Software giant Intuit (NASDAQ:INTU) doesn't compete in many markets, but where it does, it dominates. Small-business owners are probably intimately familiar with QuickBooks, while those willing to prepare their own tax returns have likely heard of TurboTax and may have used it extensively.
But what of Intuit's actual business? These three charts will give investors insight into the company, what factors make it tick, and what figures influence its share performance.
1. The number of subscribers to QuickBooks Online
Intuit, like many other software firms, is in the midst of transition. The QuickBooks desktop application has long been a core staple of many small businesses, helping them keep track of their expenses, manage their bills, and pay their employees. It's been a solid business for Intuit, forming the backbone of its operations. Over the last several years, however, the company has been shifting its focus to QuickBooks Online (QBO), its cloud-based, subscription-based alternative.
The growth of QBO, in the form of additional subscribers, has been a highlight of Intuit's recent earnings reports. By shifting its customers from occasional large application purchases to regular monthly payments, Intuit's revenue should become more predictable over time. It will also gain a deeper relationship with its customers and an ability to service new customers who may have previously balked at the prospect of a large up-front expense. As the following chart shows, the number of QBO subscribers has grown tremendously in recent quarters.
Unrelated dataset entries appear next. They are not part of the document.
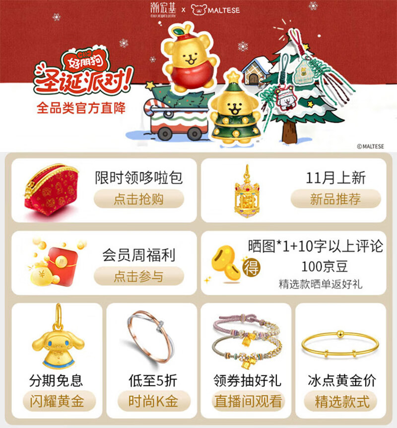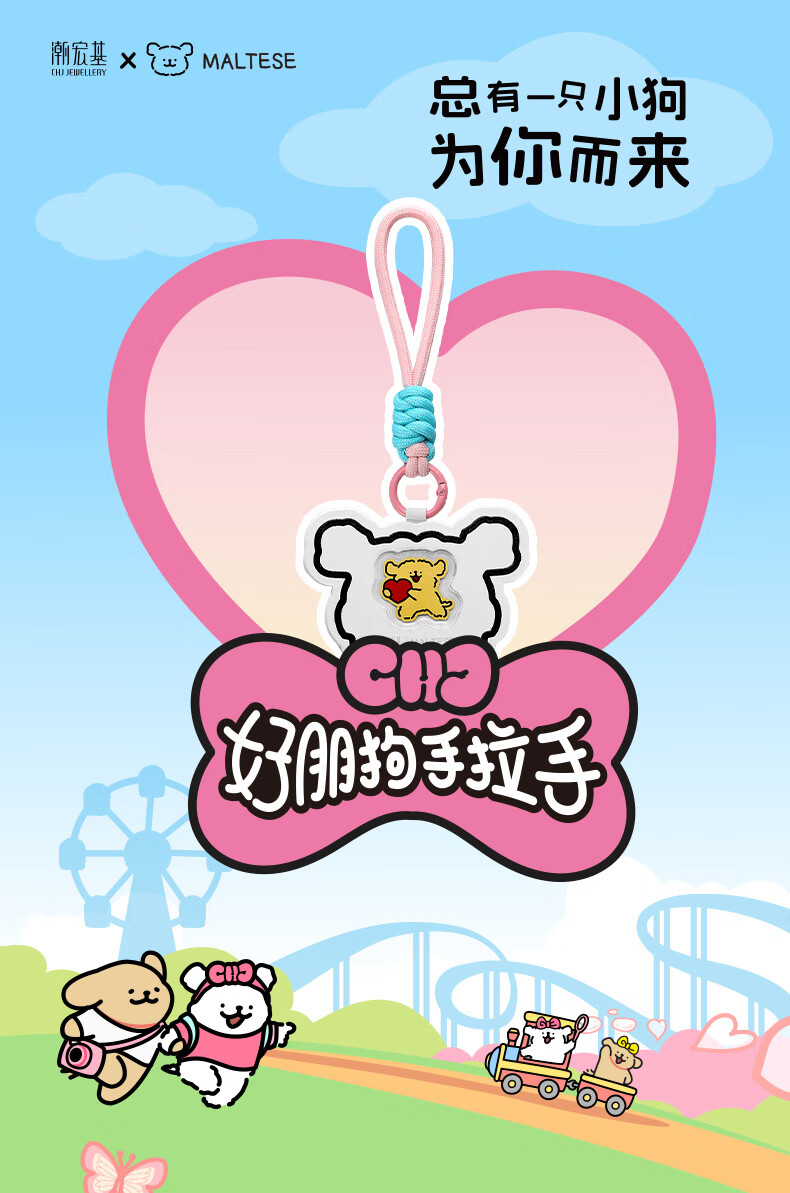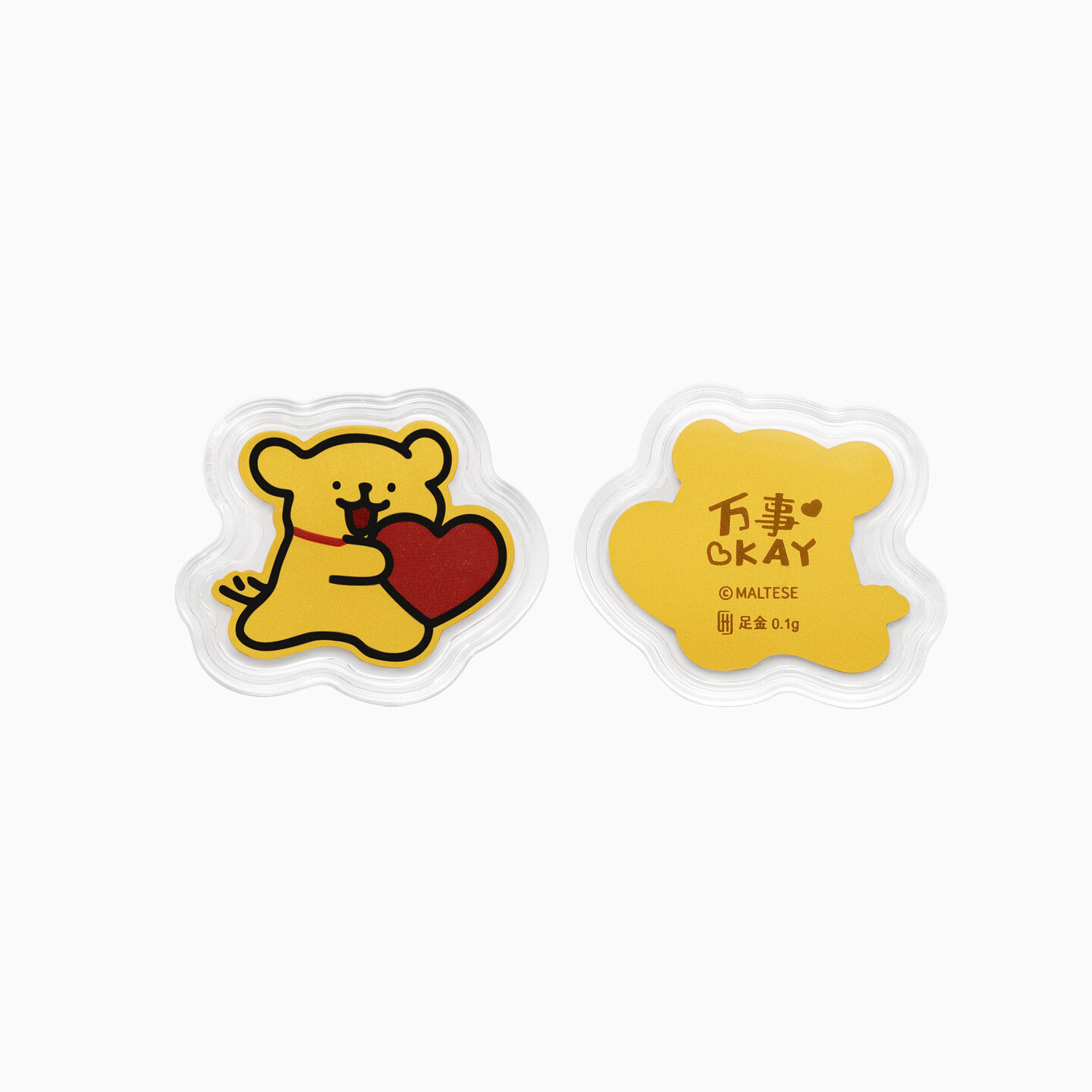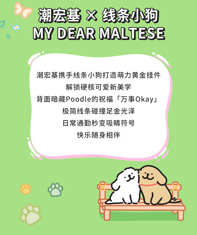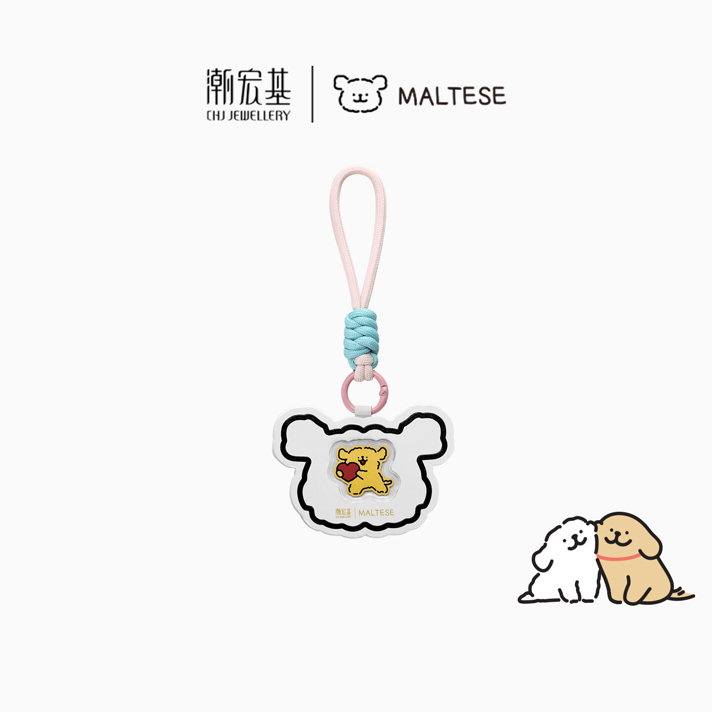 潮宏基线条小狗黄金投资金摆件足金金币好朋狗马尔济斯小金毛礼物TK 小金毛 万事OK(赠专属挂件)
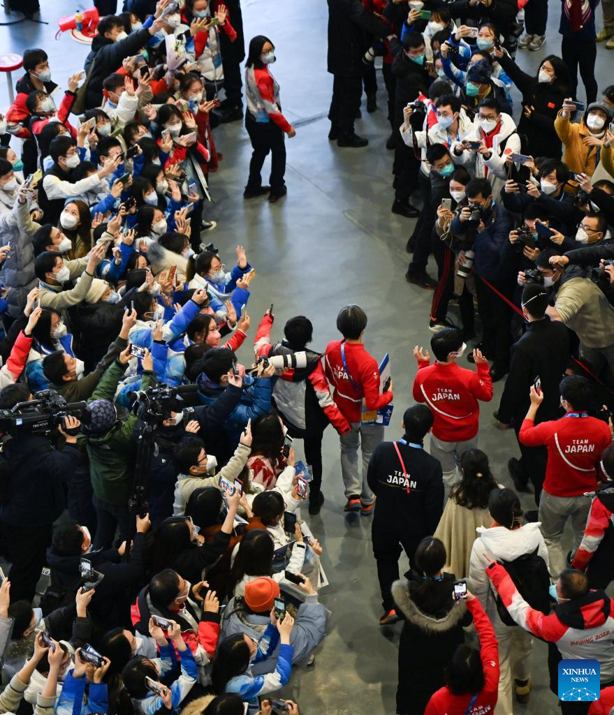 Figure skating athlete Hanyu Yuzuru of Japan goes to attend a press conference at the Main Media Center for Beijing 2022 Winter Olympics in Beijing, capital of China, Feb. 14, 2022. (Xinhua/Li Ga)
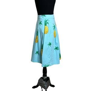 Talbots blue yellow pineapple print pleated midi skirt size 8
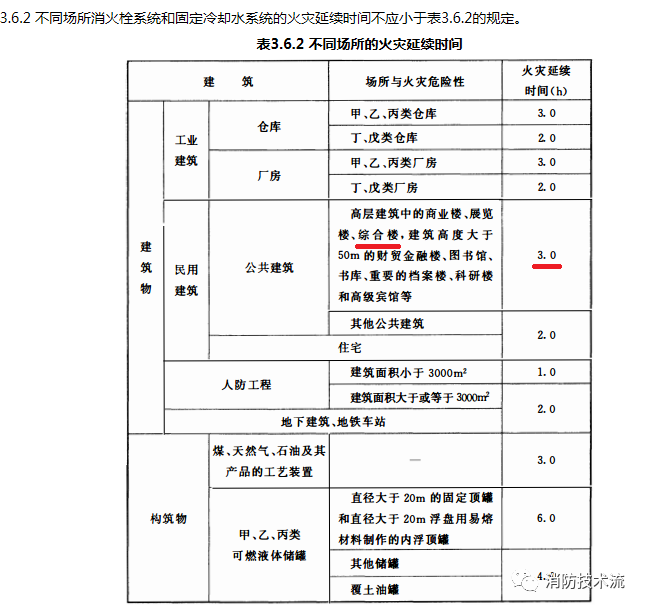 我們還要確定題干中建筑的火災延續時間,根據《消防給水及消火栓系統技術規范》的規定,該類建筑的火災延續時間應為3.0h。參見下圖:
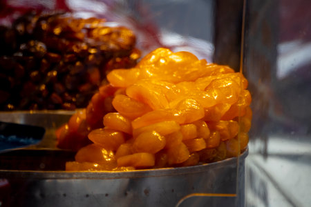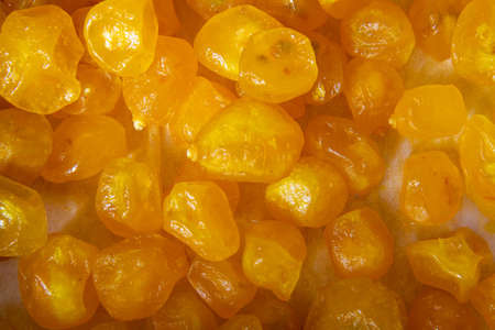 Background of dried and sun dried fruits close-up shot. Candied fruit texture.

2. Where Intuit's revenue comes from
Intuit's management breaks its business down into several different segments. The following chart offers investors a visual breakdown of the relative importance of Intuit's various businesses to its top line.
As investors can see, Intuit's business is evenly split -- tax accounted for about half the company's sales last year, while its small-business software and services generated most of the remaining revenue. Intuit's consumer tax business is primarily composed of its TurboTax software sales, while its pro tax business is made up of software sold to accountants and tax professionals. Intuit's small business desktop segment is dominated by sales of its QuickBooks desktop software and related services, including payroll subscriptions and payment services. The same is true for small-business online, but rather than desktop applications, customers are using QBO and its related services.
3. How Intuit's business has been performing
2015 was an unremarkable year for Intuit shareholders. In August, the stock plunged after the company announced that it would sell off several of its non-core business units, including its trademark personal finance software, Quicken. Shares later recovered, but the stock finished the year up less than 6%, underperforming the broader Nasdaq Composite. On a longer-term basis, however, Intuit has been a fairly reliable performer, outperforming the index over the last five years, and growing business metrics including revenue and operating cash flow to a strong degree.
Intuit has seen its sales rise nearly 40% over the last five years, and it foresees additional sales growth going forward. For its fiscal year 2016 (which ends in July), it expects its revenue to grow another 8% to 10%. That growth will be broadly based, with the company's small-business and consumer tax units enjoying 5% to 9% revenue growth.
Sam Mattera has no position in any stocks mentioned. The Motley Fool owns shares of and recommends Intuit. Try any of our Foolish newsletter services free for 30 days. We Fools may not all hold the same opinions, but we all believe that considering a diverse range of insights makes us better investors. The Motley Fool has a disclosure policy.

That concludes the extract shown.